■ What is being asked
For each entry below, please return its exact wording and leave out any picture.
········
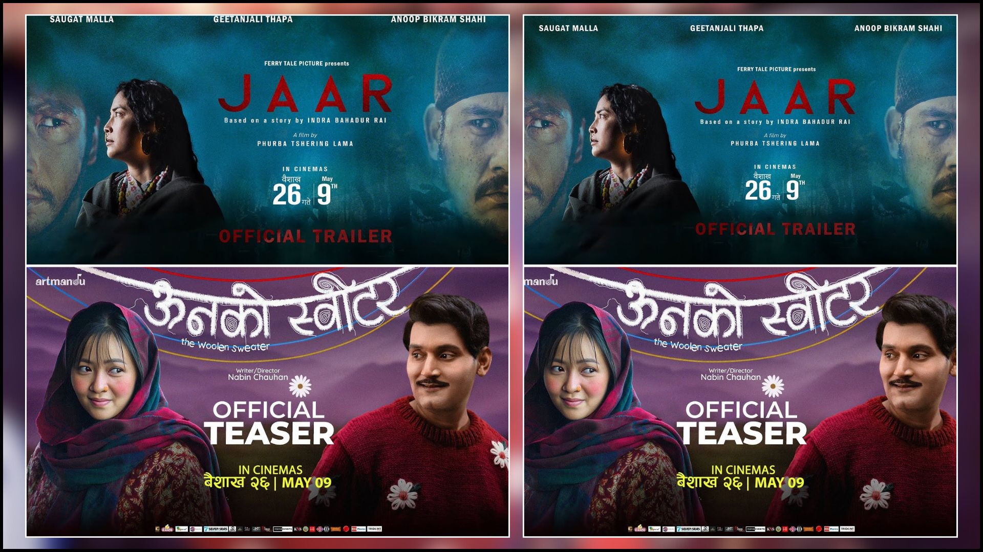 काठमाडौं । फ्राइडे रिलिजअन्तर्गत आज एकै दिन दुईवटा नेपाली चलचित्र प्रदर्शन भएका छन् । फुर्वा छिरिङ लामाको ‘जार’ र नवीन चौहान निर्देशित ‘ऊनको स्वीटर’ प्रदर्शनमा आएका हुन् ।
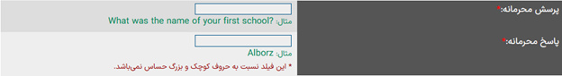 یک سؤال و جواب امنیتی تعیین کنید. (در نگهداری این اطلاعات کوشا باشید، این اطلاعات به سادگی قابل بازیابی نیست.)
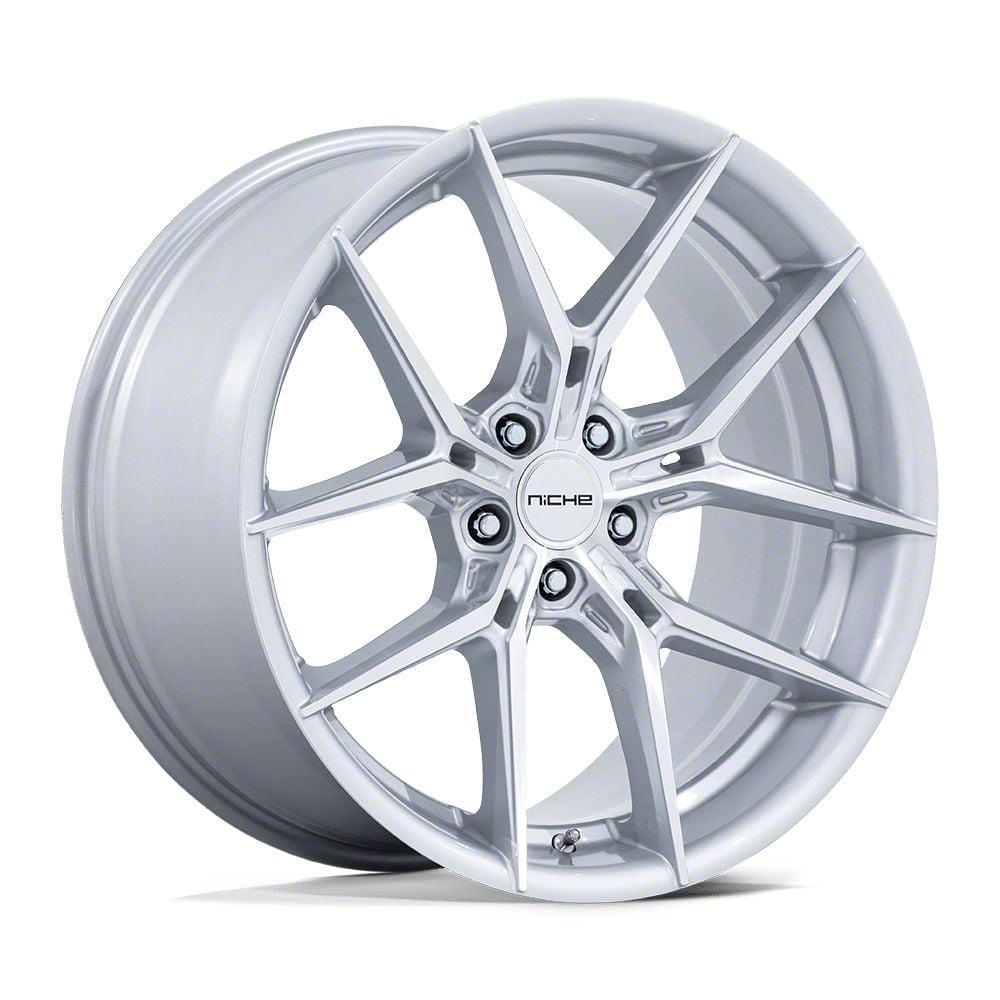 Niche Prodigy 5 Silver with Machined Face Wheel; 22x9; 38mm Offset is a perfect blend of style and rugged design, making it a standout choice for those looking to enhance their vehicle's aesthetic appeal. Its bold, dark metallic finish pairs seamlessly with a wide variety of vehicle styles, offering both modernity and durability. Built by Niche, this wheel is designed to elevate your vehicle's appearance with its robust presence.
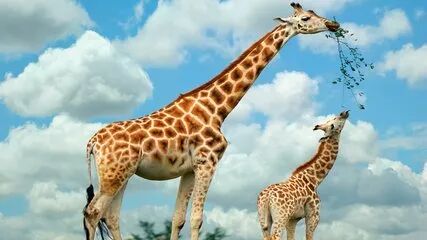 母长颈鹿站着生宝宝,小鹿一生出来就有180公分高,出生几小时后就可以奔跑。
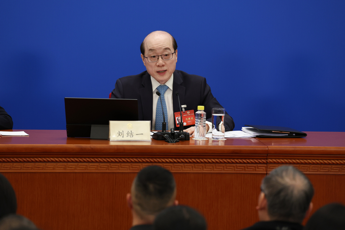 Liu Jieyi, spokesperson for the second session of the 14th Chinese People's Political Consultative Conference National Committee, attends a news conference at the Great Hall of the People in Beijing, March 3, 2024. [Photo by Zou Hong/chinadaily.com.cn]
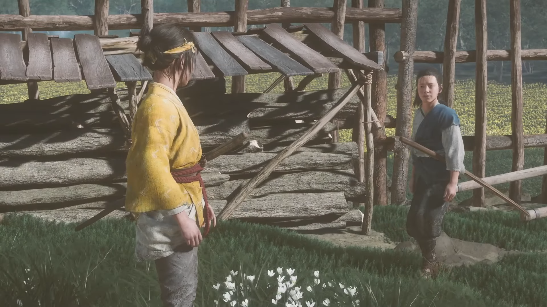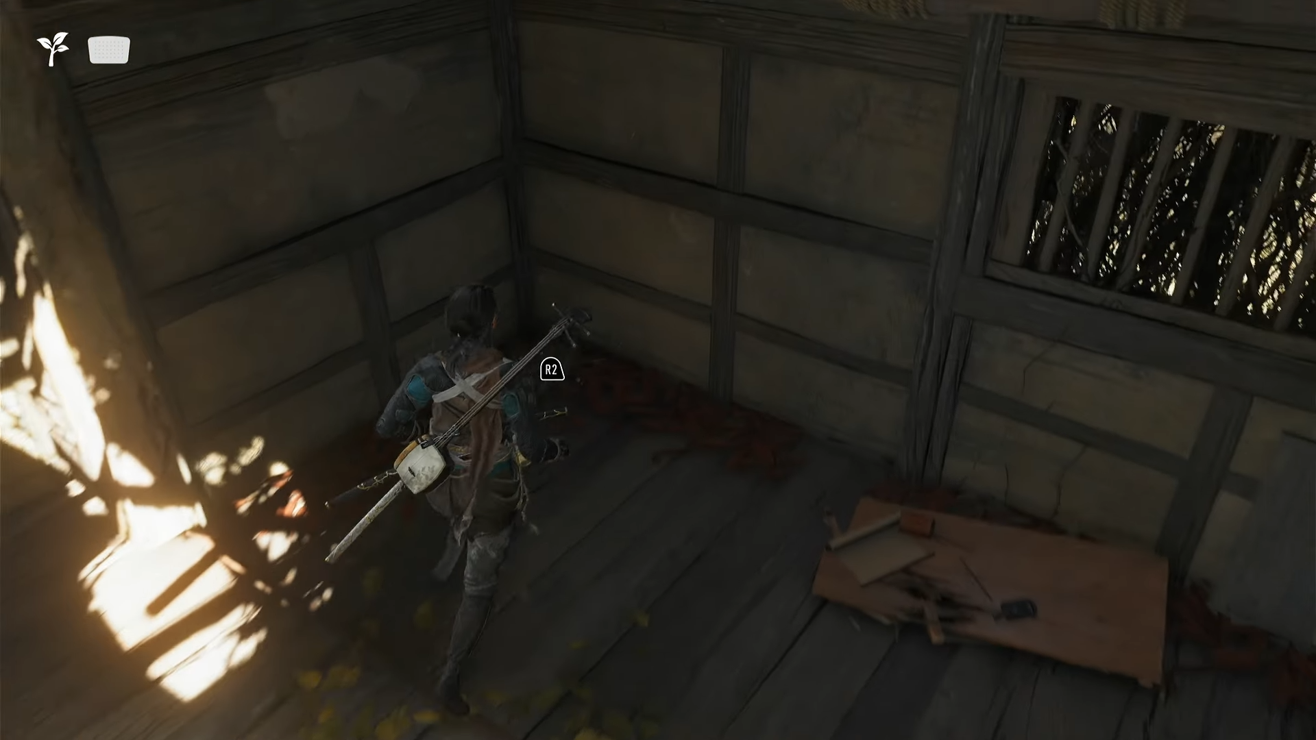 Once inside, the game transitions to a memory of your childhood home. Explore the area and speak with Jubei, the brother, who mentions his missing headband. This short memory helps establish the setting before sending you back to the present.
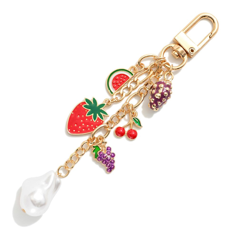 Chain Link Bag Charm Featuring Fruit & Pearl Charms
········
■ Exercise output
 काठमाडौं । फ्राइडे रिलिजअन्तर्गत आज एकै दिन दुईवटा नेपाली चलचित्र प्रदर्शन भएका छन् । फुर्वा छिरिङ लामाको ‘जार’ र नवीन चौहान निर्देशित ‘ऊनको स्वीटर’ प्रदर्शनमा आएका हुन् ।
 یک سؤال و جواب امنیتی تعیین کنید. (در نگهداری این اطلاعات کوشا باشید، این اطلاعات به سادگی قابل بازیابی نیست.)
 Niche Prodigy 5 Silver with Machined Face Wheel; 22x9; 38mm Offset is a perfect blend of style and rugged design, making it a standout choice for those looking to enhance their vehicle's aesthetic appeal. Its bold, dark metallic finish pairs seamlessly with a wide variety of vehicle styles, offering both modernity and durability. Built by Niche, this wheel is designed to elevate your vehicle's appearance with its robust presence.
 母长颈鹿站着生宝宝,小鹿一生出来就有180公分高,出生几小时后就可以奔跑。
 Liu Jieyi, spokesperson for the second session of the 14th Chinese People's Political Consultative Conference National Committee, attends a news conference at the Great Hall of the People in Beijing, March 3, 2024. [Photo by Zou Hong/chinadaily.com.cn]
 Once inside, the game transitions to a memory of your childhood home. Explore the area and speak with Jubei, the brother, who mentions his missing headband. This short memory helps establish the setting before sending you back to the present.
 Chain Link Bag Charm Featuring Fruit & Pearl Charms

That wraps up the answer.